**Aim of the task**: Leaving out all pictures, return exactly the lines from the one that contains "Para inicios del" through the end of the data below.

[Data entries]
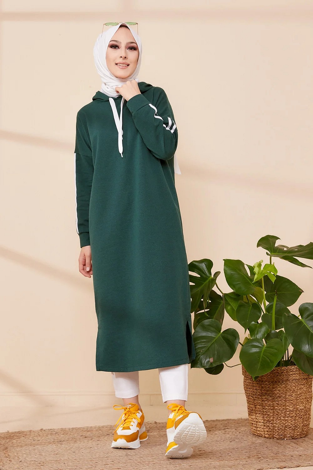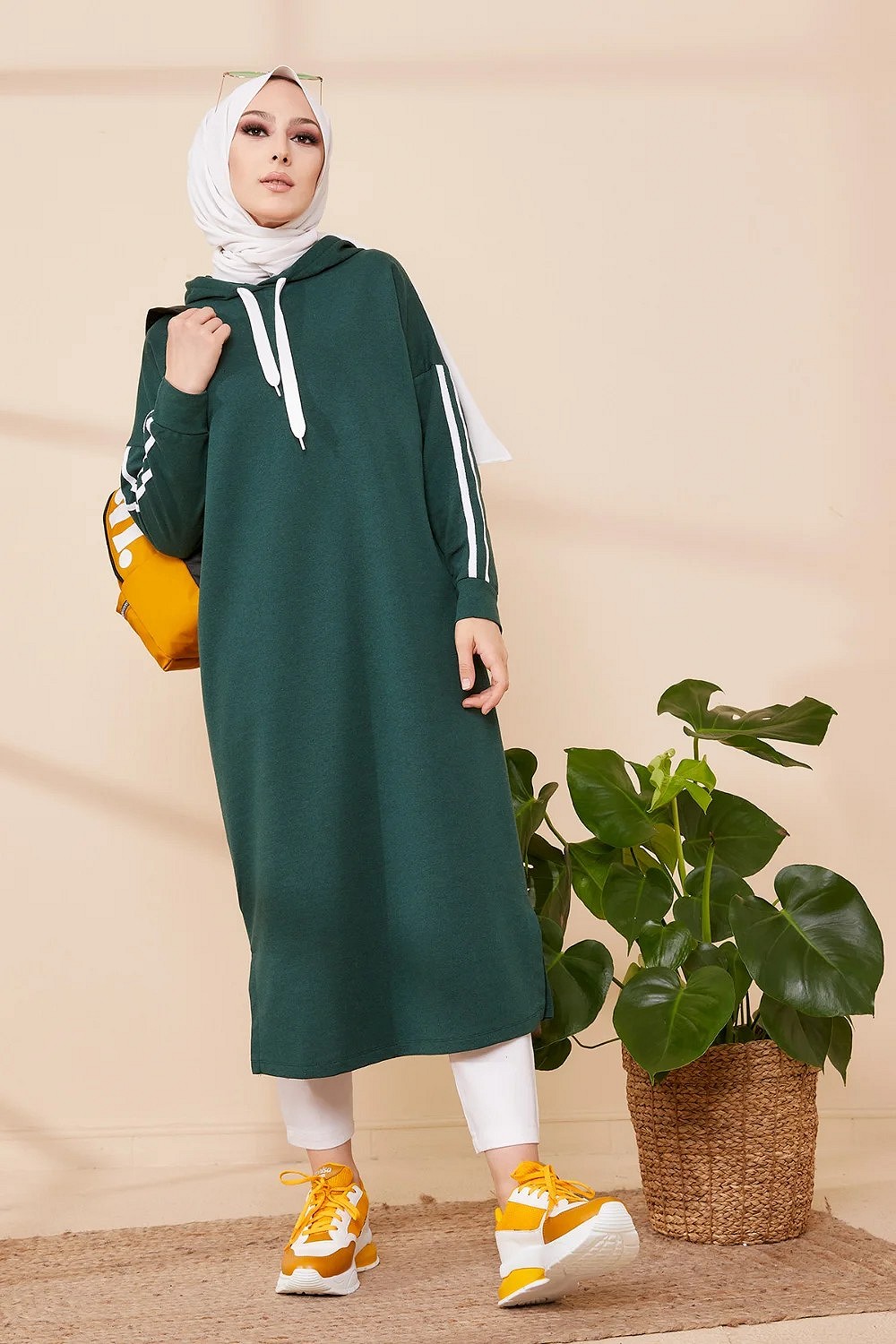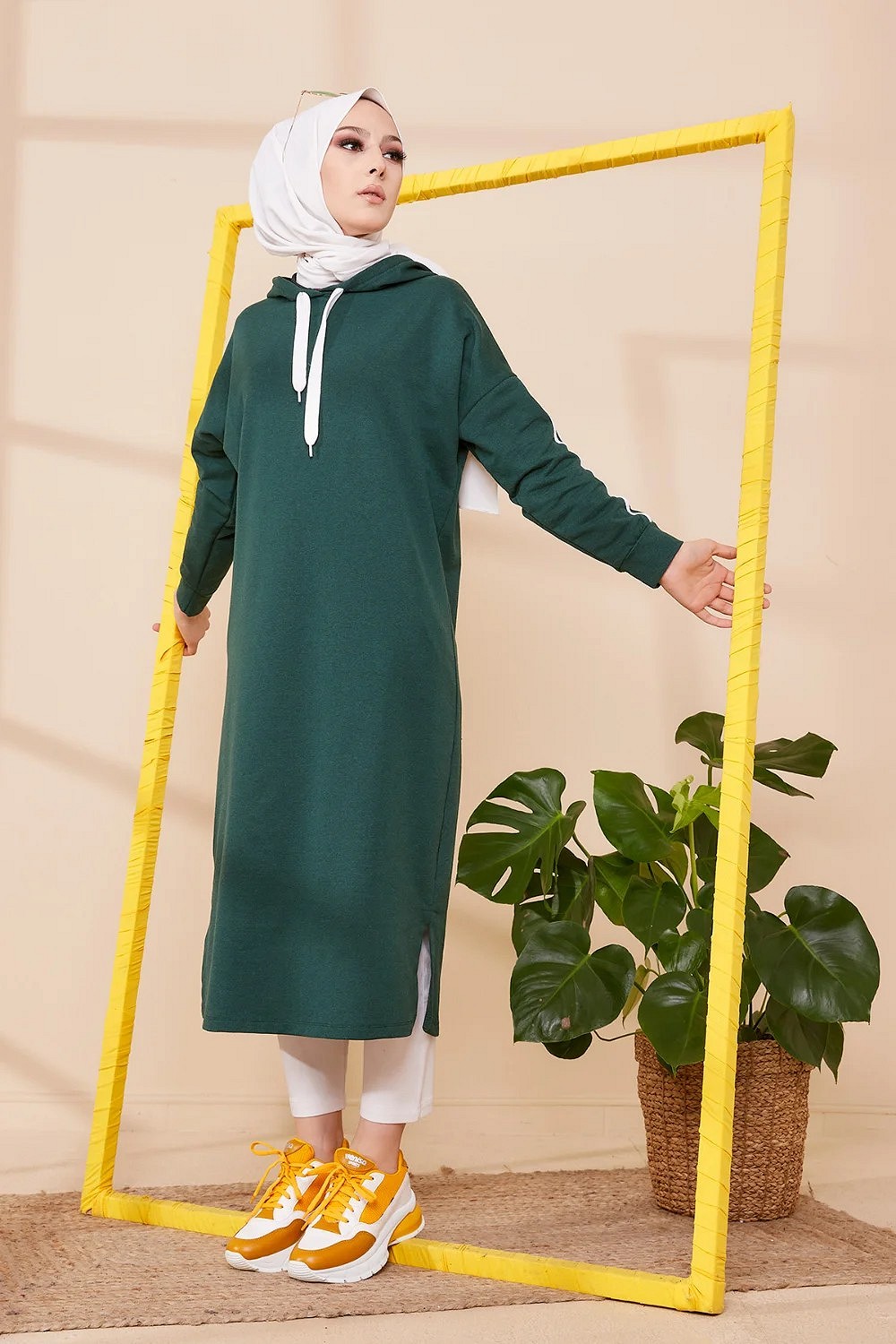 Tunique style decontracte avec capuche pour femme (Vetement hijab moderne et sport) - Couleur vert emeraude
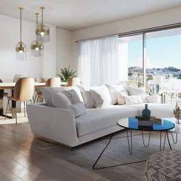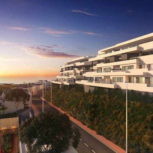 Gelegen in de charmante plaats La Cala de Mijas, biedt dit exclusieve wooncomplex een beperkte selectie van 16 eigendommen, waaronder appartementen en opties op de begane grond. Met uitzicht op zee is elke woning ontworpen om comfort en elegantie te maximaliseren, en biedt een ideale omgeving om van het kustleven te genieten. De nabijheid van de zee, op slechts 1 km, maakt het mogelijk om binnen enkele minuten van het strand te genieten, terwijl de luchthaven op 50 km afstand ligt, wat de toegang tot internationale verbindingen vergemakkelijkt. Deze locatie combineert de rust van de kust met het gemak van nabijheid van diensten en recreatieve activiteiten.BUITENRUIMTESDe eigendommen beschikken over privéterrassen die een perfecte ruimte bieden om te ontspannen en van het uitzicht op zee te genieten. Bovendien hebben sommige woningen een privézwembad, ideaal om af te koelen op warme dagen. Het exterieurontwerp wordt aangevuld met hoogwaardige materialen, zoals porseleinen tegels, die duurzaamheid en stijl garanderen. De moderne architectuur integreert harmonieus met de natuurlijke omgeving, waardoor een serene en verfijnde sfeer ontstaat.BINNENRUIMTESHet interieur van de woningen is ontworpen om maximaal comfort en functionaliteit te bieden. De appartementen en opties op de begane grond zijn beschikbaar met een of twee slaapkamers en een of twee badkamers, aangepast aan verschillende gezinsbehoeften. De woningen zijn uitgerust met vloerverwarming, ingebouwde kasten en een domoticasysteem dat het beheer van verschillende functies in huis vergemakkelijkt. Bovendien zijn ze voorzien van moderne apparaten en een video-intercom voor extra veiligheid en comfort.GEMEENSCHAPPELIJKE RUIMTESHet wooncomplex biedt een verscheidenheid aan gemeenschappelijke ruimtes die de woonervaring van de bewoners verrijken. Onder hen bevinden zich ruime groene gebieden die een ontspannende omgeving bieden. Bewoners kunnen genieten van een gemeenschappelijk zwembad, perfect om te socializen en te genieten van het mediterrane klimaat. Bovendien beschikt het complex over een gemeenschappelijke fitnessruimte, ideaal om een actieve levensstijl te behouden zonder het huis te verlaten. Voor extra gemak is er een gemeenschappelijke garage en zijn er parkeermogelijkheden beschikbaar, waardoor toegang en veiligheid voor alle bewoners prioriteit hebben.
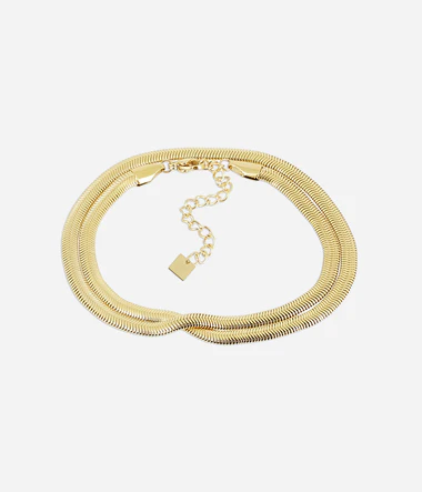 Viacotáčkový náramok vyrobený z jemnej pozlátenej oceľovej retiazky v tvare hada.
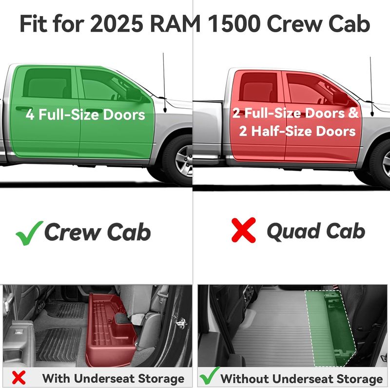Custom Fit: These floor mats are compatible with 2025 Ram 1500 crew cab without Rear Underseat Storage, Bucket Seat, not for vehicles with vinyl floors; 3D laser scanning technology gives full protection to both the front and back
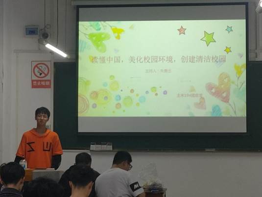 本网讯(土木工程学院 文/吴桓 图/叶凡)为让同学们了解校园环保的重要性,呼吁同学们爱好爱护环境卫生,建设美好校园,养成环保习惯,2021年3月17日晚,土木工程学院土木194班开展“读懂中国,美化校园环境,创建清洁校园”主题团日活动。本次活动由土木194班团支书朱勇念同学主持,194班全体同学参与。
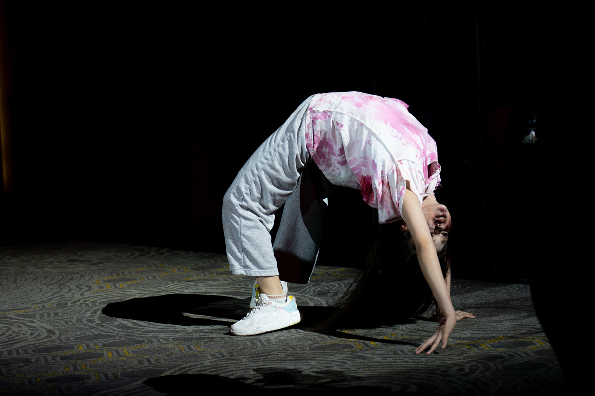 さらに4期生のエミー、エル、ジャンリー、マリーン、ワーワーがゲストとしてゾンビ役で登場し、首の曲がった姿やブリッジでの逆さ歩きなど迫力の演技を披露しました。
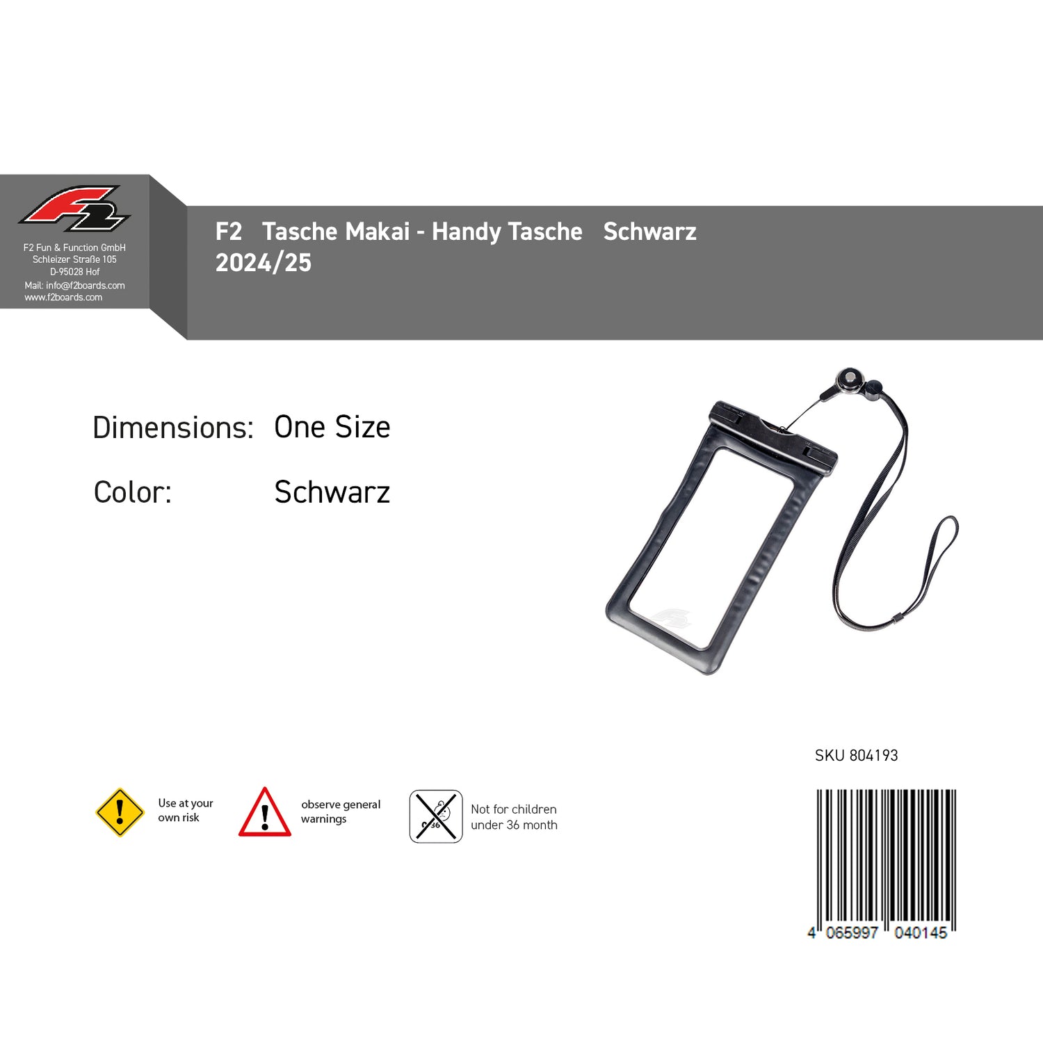 Die F2 Handytasche Makai 2024/25 ist die ideale Lösung, um Ihr Mobiltelefon sicher und trocken zu halten, egal wo Sie sind. Diese wasserdichte Handyhülle ist in den Farben Schwarz, Pink und Weiß erhältlich und bietet umfassenden Schutz für Ihr Gerät. Die Tasche schwimmt im Wasser, sodass Sie sich keine Sorgen machen müssen, Ihr Telefon zu verlieren, wenn es ins Wasser fällt. Mit der abnehmbaren Trageschlaufe können Sie die Hülle bequem um den Hals tragen oder an Ihrem Gepäck befestigen. Ein kleines Logo-Print rundet das stylische Design ab. Mit einer Größe von 11,5 x 20,5 x 1,5 cm und einem Gewicht von nur 40 g ist diese Tasche leicht und einfach zu handhaben.
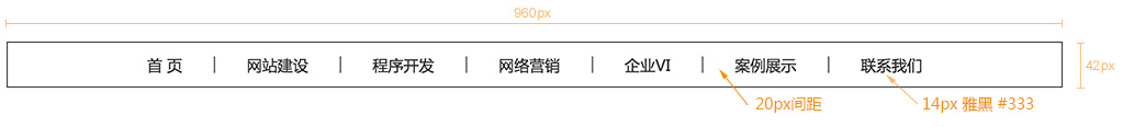 1 <!DOCTYPE html> 2 <html lang="en"> 3 <head> 4 <meta charset="UTF-8"> 5 <title>菜单</title> 6 <style> 7 8 ul{ 9 width: 958px; 10 height: 40px; 11 border: 1px solid #f0f0f0; 12 line-height: 40px; 13 text-align: center; 14 margin: 100px auto; 15 } 16 17 ul li{ 18 display: inline-block; 19 padding: 0 15px; 20 21 } 22 23 ul li a{ 24 display: inline-block; 25 26 27 28 text-decoration: none; 29 } 30 31 32 33 </style> 34 </head> 35 <body> 36 37 <ul> 38 <li><a href="">首页</a></li> 39 <li>|</li> 40 <li><a href="">网站建设</a></li> 41 <li>|</li> 42 <li><a href="">程序开发</a></li> 43 <li>|</li> 44 <li><a href="">网络营销</a></li> 45 <li>|</li> 46 <li><a href="">企业VI</a></li> 47 <li>|</li> 48 <li><a href="">案例展示</a></li> 49 <li>|</li> 50 <li><a href="">联系我们</a></li> 51 </ul> 52 </body> 53 </html>
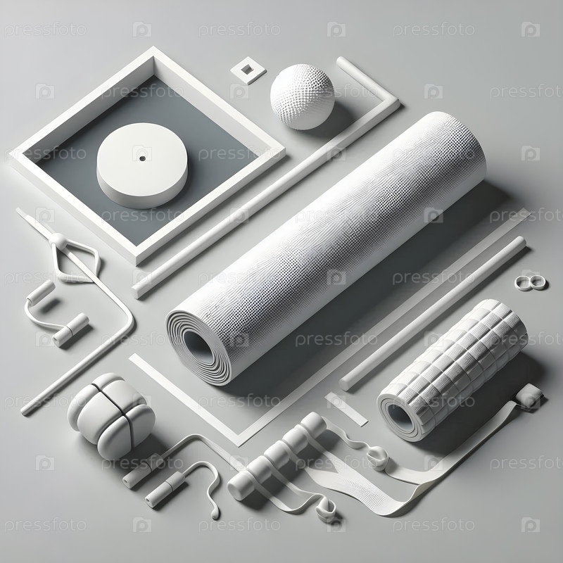 Минималистическое белое спортивное оборудование: резистентные полосы, матрас для йоги и ролик из пены, Ai created image
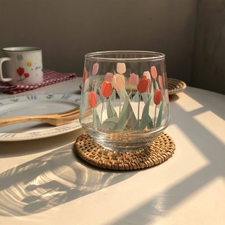 Cốc Ly Thủy Tinh Tulip Uống Trà Sữa và Trang Trí In Hình Hoa Tulip
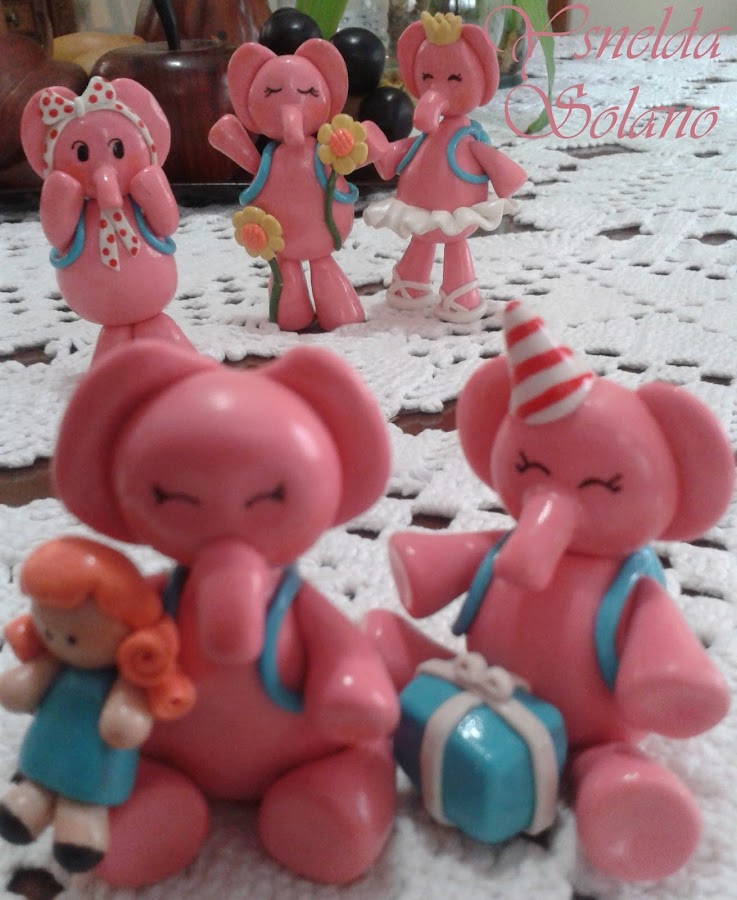 Para inicios del mes de septiembre estuve publicando el proceso de realización de este encargo, para una amiga amante de los elefantes, de cinco elefantitas rosas, inspiradas en el personaje Elly de Pocoyo. Estas figuras, marcan, en cierta forma un punto de cambio, que me permitido conocer un grupo de blogs de excelentes artesanas, ya que con la Elly de cara de asombro, empecé a participar en el Reto Handmade de Little Kimono. Agradecida a quien me sugirió participar, a quien a resultado, a parte de una excelente bloguera, una persona preciosa, me la imagino siempre con una sonrisa en su carita, hasta cuando está haciendo sus complicadas figuras, con mil minipiezas de goma eva, Yoli del blog creando y fofucheando.
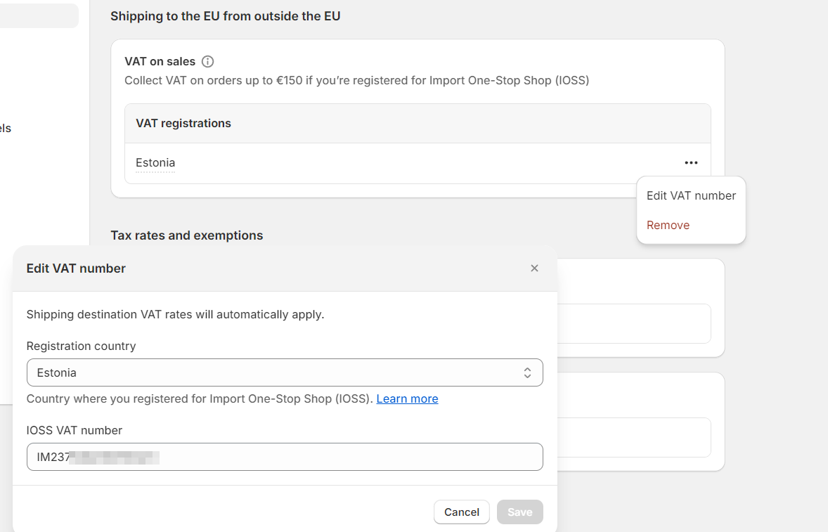 Now you just added IOSS registration to your store. Starting from now on, all orders under 150€ fulfilled from outside of EU countries will be considered and calculated as IOSS orders.
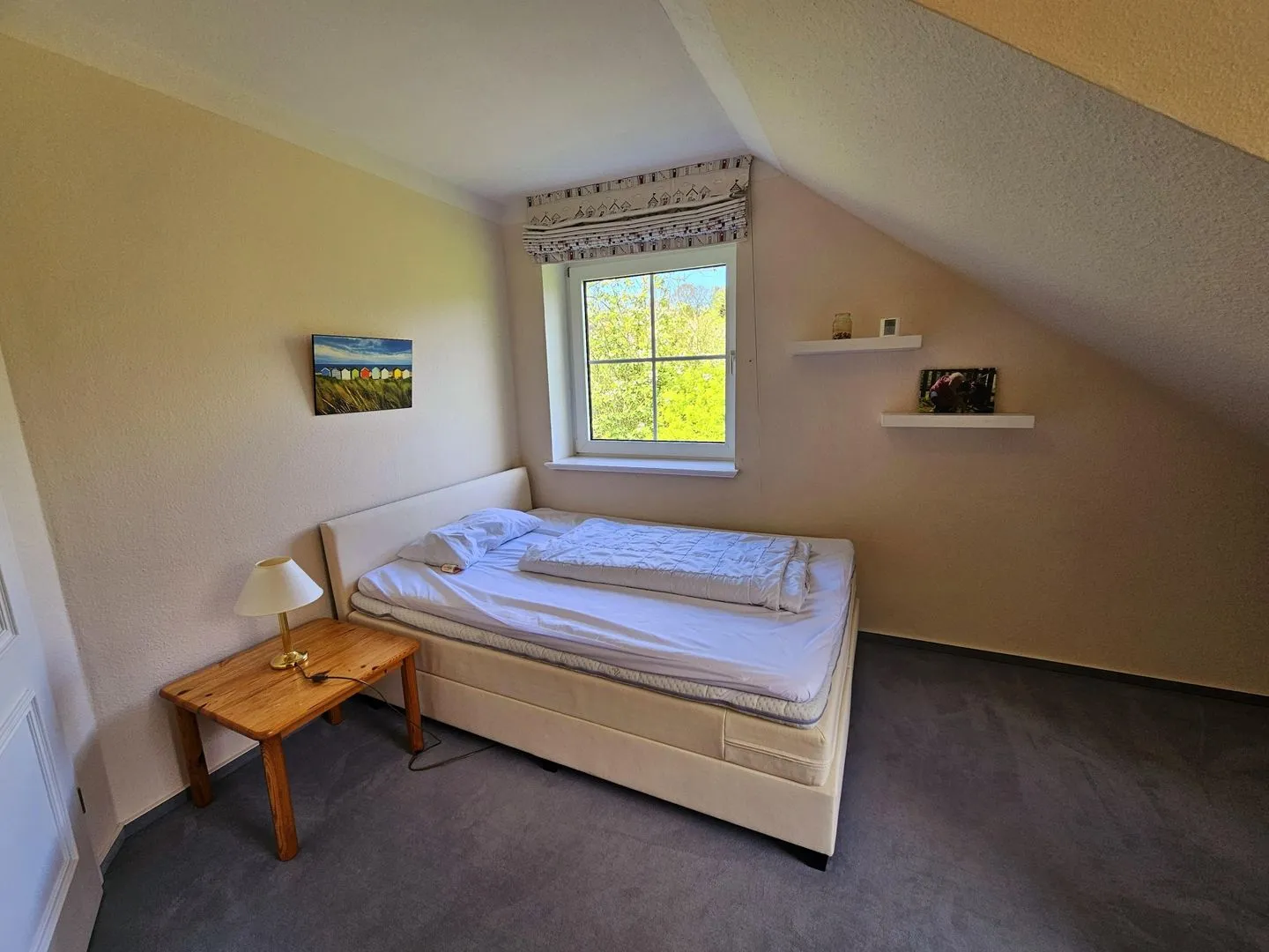 Das dritte Schlafzimmer verfügt über ein Bett in der Größe 2,00 m x 1,40 m.

**Worked solution**:
 Para inicios del mes de septiembre estuve publicando el proceso de realización de este encargo, para una amiga amante de los elefantes, de cinco elefantitas rosas, inspiradas en el personaje Elly de Pocoyo. Estas figuras, marcan, en cierta forma un punto de cambio, que me permitido conocer un grupo de blogs de excelentes artesanas, ya que con la Elly de cara de asombro, empecé a participar en el Reto Handmade de Little Kimono. Agradecida a quien me sugirió participar, a quien a resultado, a parte de una excelente bloguera, una persona preciosa, me la imagino siempre con una sonrisa en su carita, hasta cuando está haciendo sus complicadas figuras, con mil minipiezas de goma eva, Yoli del blog creando y fofucheando.
 Now you just added IOSS registration to your store. Starting from now on, all orders under 150€ fulfilled from outside of EU countries will be considered and calculated as IOSS orders.
 Das dritte Schlafzimmer verfügt über ein Bett in der Größe 2,00 m x 1,40 m.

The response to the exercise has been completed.